God often uses our stories to teach us when we’re writing them. What did you learn (about life, faith, and/or even yourself) in the process of writing this book?
The process of divorce and healing taught me about grace in a way that I’d never fully internalized. I’d ministered and counseled for years about the Love of God. I’d preached and written about it, but part of me, the part that needed healing, still held on to the idea that I had to be perfect to be loved by God and by man. I knew better, but the heart and the head weren’t working well together, especially during my years of living with an alcoholic husband and during divorce recovery. As I wrote about Sam’s guilt and helped her find peace, I think new pieces slid into place for me as well. Nothing, absolutely nothing, can separate us from the love of God. And that’s probably the most powerful message we have to share with this hurting world.
A few fun questions…
When the words aren’t flowing—or when you want to celebrate if they are—what is your favorite comfort food and why?
Oh, chocolate. Definitely, but I’m a very disciplined chocolate eater, so each bite lasts. The darker the chocolate, the better, and a chocolate truffle or a flourless dark chocolate torte that slides over the tongue with all its rich sweetness awakens my pleasure senses better than any other food.
This website features musicians as well as writers. Do you have musical, as well as literary, talent?
Oh, honey, don’t I wish. I can’t carry a tune to save my life. But I still sing when I’m alone—and to babies and the dying. I look forward to having a voice that pleases the ear when I reach eternity!
If you were a song, what kind of song would you be?
A worship song. Without a doubt, a melody lifted to the Lord.
In the story that is your life, are you the strong, female lead; the girl next door; the mysterious woman behind dark glasses; the super heroine; or the little girl trying to walk in high heels?

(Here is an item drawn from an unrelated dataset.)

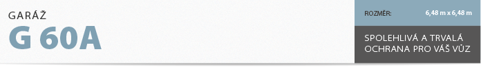 Zděná garáž pro 2 osobní automobily čtvercového půdorysného tvaru o rozměrech 6,48 m x 6,48 m, garáž je založena na betonových obvodových základových pasech a železobetonové desce. Obvodové zdivo z keramických (POROTHERM, HELUZ), nebo pěnosilikátových (YTONG, HEBEL) tvárnic dle volby klienta tl. 300 mm. Svislé konstrukce jsou izolovány proti zemní vlhkosti, dle požadavku klienta i proti radonu. Objekt je zastřešen sedlovou střechou s použitím vodotěsného podstřeší a použitím skládané střešní krytiny. Střešní konstrukce jsou tepelně izolovány. Vnitřní povrchová úprava garáže je provedena tenkovrstvými štukovými omítkami s následnou malbou v odstínu bílé, povrchová úprava podlahy – epoxidový nátěr (voděodolný, otěruodolný) s ukončením na svislých stěnách ve výšce 150 mm, vnější povrchová úprava svislých konstrukcí bez zateplení s použitím probarvené fasádní omítky. Garážová vrata plechová, nezateplená, výklopná 2x. Klempířské konstrukce projektovány z TiZn plechu. Okenní výplně plastové. V garáži osazena 1xelektrorozvodnice, zásuvky 2x380V a 4x220V, osvětlení 6x nástěnné zářivkové tělesa, objekt je nevytápěný.

What a great question. At various times I’ve been all (except the little girl in the high heels—I was always tall enough without them—or the super heroine, unless you count rescuing the hurting in that definition. I’m definitely a rescuer.) In my teen years, I was the mystery woman/teen/iconoclast. As a mother, I had to be the strong female lead. But you left out the observer, the one who watches from a distance, the one who finds the world a fascinating place to study. My children often told me, “Mama, you’re staring again,” because it embarrassed them. As a sculptor, faces and figures fascinated me. I studied and memorized expressions, planes and angles, features, the positive and negative space around a person. As a writer, I stare and study because the world is populated with so many interesting folk, so many different attitudes, responses, ideas, reactions. I can’t help it!
I’m a dog lover. Please tell us about your pets, if any, or your favorite pet as a child.
My first dog (I was six) was killed by a car, and I never really had another pet until my ex-husband and I rescued various cats.
Thank you, Normandie! It’s a pleasure to have you as a guest at DivineDetour.